In the listing below, find the line with "이 후보는 10일 오전" and the line with "Частота самоубийств наиболее". Repeat those two lines and all lines between them exactly.

◆ **EXTRACTED ENTRIES**:

· · · ·

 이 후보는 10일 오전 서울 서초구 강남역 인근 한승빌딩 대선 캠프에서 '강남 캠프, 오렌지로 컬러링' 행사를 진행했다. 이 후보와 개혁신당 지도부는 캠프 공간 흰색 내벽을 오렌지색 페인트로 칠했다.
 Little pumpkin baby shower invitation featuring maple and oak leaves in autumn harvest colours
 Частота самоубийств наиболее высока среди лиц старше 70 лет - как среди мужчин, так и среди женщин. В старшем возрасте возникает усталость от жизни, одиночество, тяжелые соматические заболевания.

· · · ·

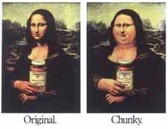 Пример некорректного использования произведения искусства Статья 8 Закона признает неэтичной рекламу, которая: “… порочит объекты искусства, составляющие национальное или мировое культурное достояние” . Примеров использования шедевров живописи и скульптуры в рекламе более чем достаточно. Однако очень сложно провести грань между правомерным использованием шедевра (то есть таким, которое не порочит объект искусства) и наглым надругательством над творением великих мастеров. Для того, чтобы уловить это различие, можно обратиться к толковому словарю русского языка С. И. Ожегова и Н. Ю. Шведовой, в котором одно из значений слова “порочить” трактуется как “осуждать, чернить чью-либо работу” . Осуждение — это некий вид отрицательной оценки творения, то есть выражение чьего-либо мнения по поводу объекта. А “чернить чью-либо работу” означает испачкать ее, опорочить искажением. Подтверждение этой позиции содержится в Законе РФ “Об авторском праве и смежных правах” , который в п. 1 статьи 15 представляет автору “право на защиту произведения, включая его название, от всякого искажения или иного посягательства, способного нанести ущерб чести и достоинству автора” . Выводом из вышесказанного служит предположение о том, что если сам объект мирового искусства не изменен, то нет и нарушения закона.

· · · ·

◆ **ANSWER TO THE EXERCISE**:
 이 후보는 10일 오전 서울 서초구 강남역 인근 한승빌딩 대선 캠프에서 '강남 캠프, 오렌지로 컬러링' 행사를 진행했다. 이 후보와 개혁신당 지도부는 캠프 공간 흰색 내벽을 오렌지색 페인트로 칠했다.
 Little pumpkin baby shower invitation featuring maple and oak leaves in autumn harvest colours
 Частота самоубийств наиболее высока среди лиц старше 70 лет - как среди мужчин, так и среди женщин. В старшем возрасте возникает усталость от жизни, одиночество, тяжелые соматические заболевания.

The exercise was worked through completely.